[Saved data entries]
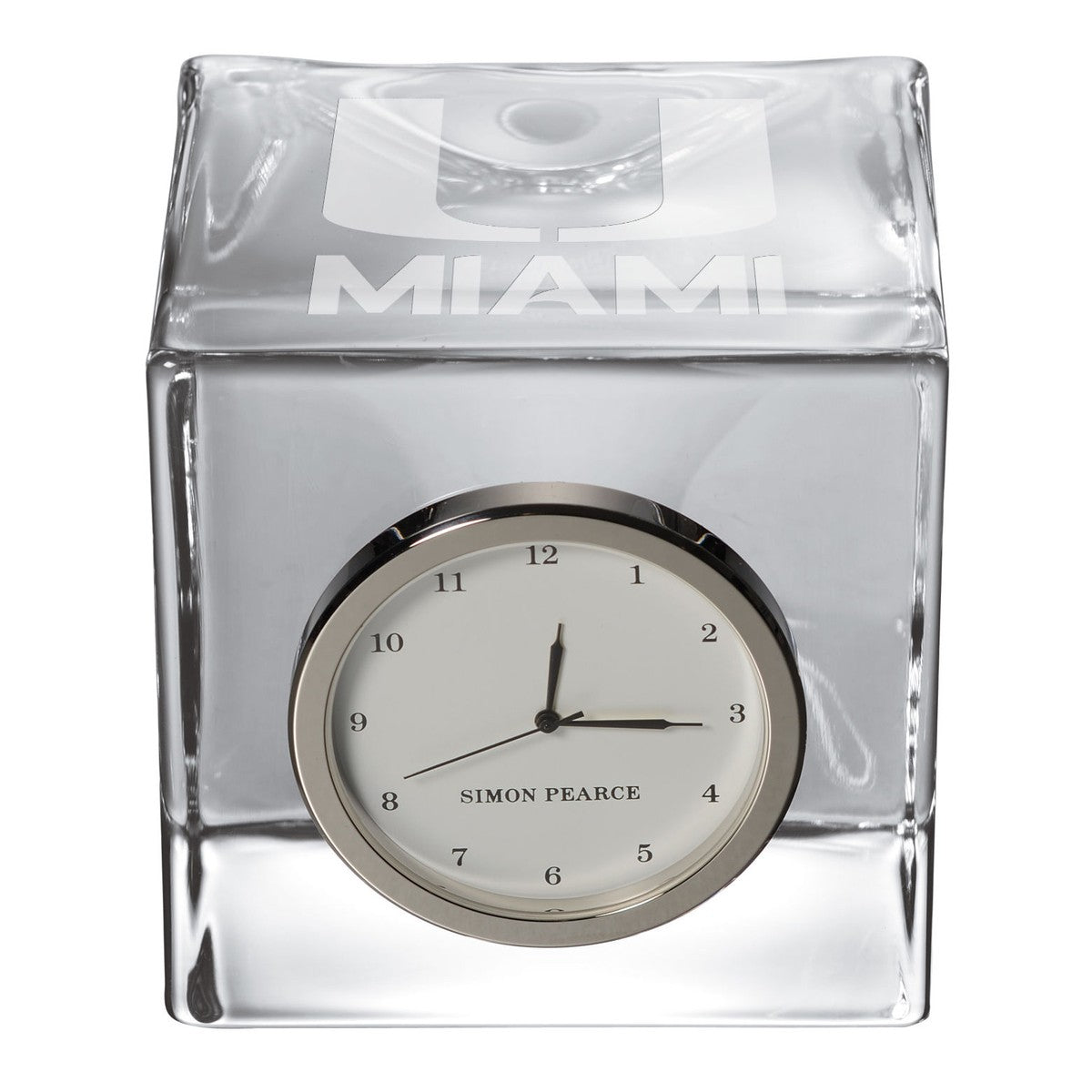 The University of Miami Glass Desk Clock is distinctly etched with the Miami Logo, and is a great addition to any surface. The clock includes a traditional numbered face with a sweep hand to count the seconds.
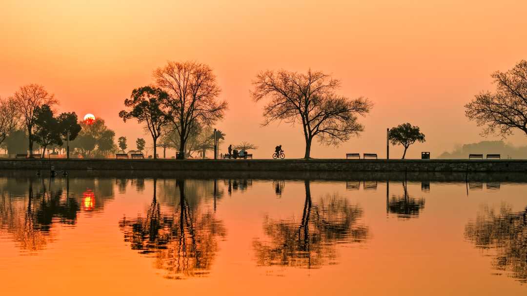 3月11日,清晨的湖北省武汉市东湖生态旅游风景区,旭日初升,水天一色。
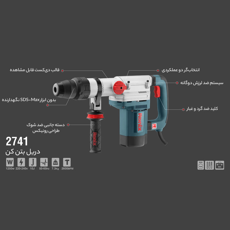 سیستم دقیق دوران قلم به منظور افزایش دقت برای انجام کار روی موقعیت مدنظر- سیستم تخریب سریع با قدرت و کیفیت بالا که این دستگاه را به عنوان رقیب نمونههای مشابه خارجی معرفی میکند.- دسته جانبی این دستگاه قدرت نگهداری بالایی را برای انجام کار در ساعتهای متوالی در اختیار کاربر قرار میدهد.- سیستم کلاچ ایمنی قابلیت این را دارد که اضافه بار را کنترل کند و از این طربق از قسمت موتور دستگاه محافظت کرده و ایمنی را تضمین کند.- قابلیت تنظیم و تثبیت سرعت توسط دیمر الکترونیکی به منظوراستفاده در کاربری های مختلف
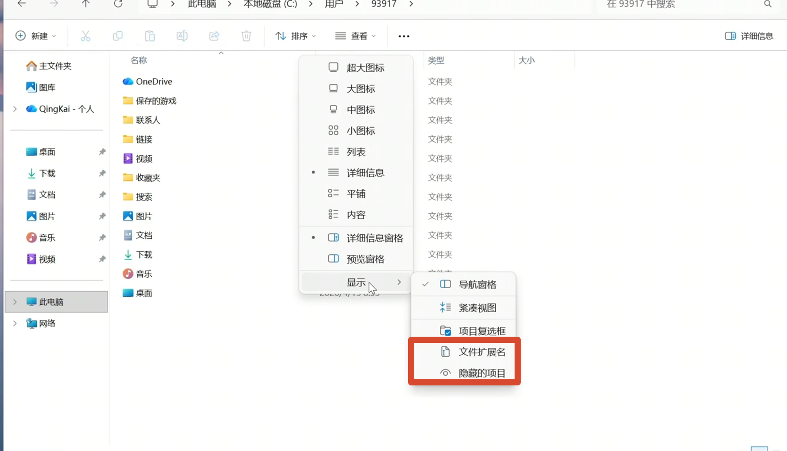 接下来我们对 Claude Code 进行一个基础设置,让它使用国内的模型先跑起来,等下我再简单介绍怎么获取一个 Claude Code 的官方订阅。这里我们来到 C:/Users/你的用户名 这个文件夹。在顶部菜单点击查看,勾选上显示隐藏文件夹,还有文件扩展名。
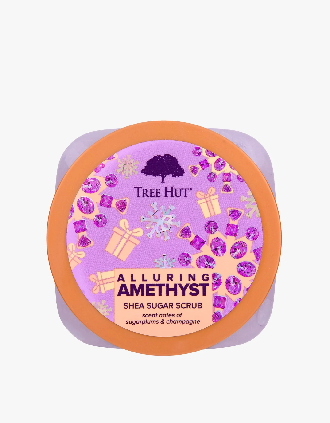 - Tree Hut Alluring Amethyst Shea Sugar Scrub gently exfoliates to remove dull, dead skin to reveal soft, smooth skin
...
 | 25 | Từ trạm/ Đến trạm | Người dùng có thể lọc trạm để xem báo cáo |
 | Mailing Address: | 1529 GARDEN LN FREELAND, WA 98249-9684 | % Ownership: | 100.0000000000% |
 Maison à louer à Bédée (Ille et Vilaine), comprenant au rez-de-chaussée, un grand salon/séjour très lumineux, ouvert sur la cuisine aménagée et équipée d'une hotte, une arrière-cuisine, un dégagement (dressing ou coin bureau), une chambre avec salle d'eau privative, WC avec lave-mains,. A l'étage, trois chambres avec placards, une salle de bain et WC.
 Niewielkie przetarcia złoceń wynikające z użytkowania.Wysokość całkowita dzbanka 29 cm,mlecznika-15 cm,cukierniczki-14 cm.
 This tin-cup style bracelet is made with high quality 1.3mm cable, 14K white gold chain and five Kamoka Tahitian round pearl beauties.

◆ Required action
Starting at the line that contains "Maison à louer" and stopping after the line that contains "Niewielkie przetarcia złoceń", write out every line exactly as it appears above, and no other line.

◆ Exercise response
 Maison à louer à Bédée (Ille et Vilaine), comprenant au rez-de-chaussée, un grand salon/séjour très lumineux, ouvert sur la cuisine aménagée et équipée d'une hotte, une arrière-cuisine, un dégagement (dressing ou coin bureau), une chambre avec salle d'eau privative, WC avec lave-mains,. A l'étage, trois chambres avec placards, une salle de bain et WC.
 Niewielkie przetarcia złoceń wynikające z użytkowania.Wysokość całkowita dzbanka 29 cm,mlecznika-15 cm,cukierniczki-14 cm.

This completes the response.